Penrose drains are removed by cutting the single external simple interrupted suture, then swiftly tugging the drain to release the tube from its internal anchorage point. Closed suction drains are removed by cutting the external Chinese finger-trap and gently sliding the drain from the wound. In either case, the removed drain should be measured and inspected to ensure complete removal.
The exit hole should not be closed, but instead allowed to heal by second intention. The opening may need to be kept clean with saline until it seals.
Complications
Drains may increase the risk of wound contamination. Infection may track along the drain into the wound. This risk is much lower with closed suction drains compared to Penrose drains. Zero per cent and 34% respective contamination rates of the internal tip of the drain have been reported after 24 hours. Infection rates also increase with duration of drainage, and so drains should be removed as early as possible. Drains should not be used to flush the wound, as this will significantly increase the risk of wound contamination.
Figure 8. Cover the drain exit with a sterile dressing to prevent contamination of the wound.
Wound dehiscence may result if the drain is placed directly under the suture line, resulting in a decreased rate of wound healing.
Premature removal of the drain by the patient can be an issue. The number, length and location of drains should be recorded and checked at the time of removal. Drains should also be fixed securely and adequate measures taken to prevent the patient interfering with them.
A further complication may be a longer stay in hospital.
Drains may cause a degree of pain, irritation and elevated temperature, which is known as “drain fever”.
Drains should be placed away from neurovascular structures to prevent trauma to, and erosion through, these structures.

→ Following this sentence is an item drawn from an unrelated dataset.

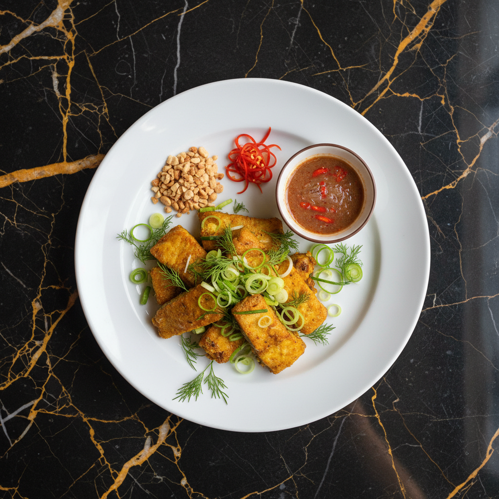 A classic Hanoi street food, Chả Cá Thăng Long features tender white fish marinated in turmeric and spices, pan-fried until golden, and then finished tableside with generous amounts of fresh dill and scallions. It's traditionally served with rice vermicelli, peanuts, and a pungent shrimp paste dipping sauce.

Drainage may fail for a number of reasons, including:
improper placement
inadequate diameter
overfilling of reservoir
loss of negative pressure because of suction system detachment
obstruction of the drain
Drains are a very useful surgical tool to be used appropriately in combination with other techniques to reduce fluid accumulation and closed dead space. They are not a substitute for proper haemostasis, gentle tissue handling and adequate debridement and lavage of the wound.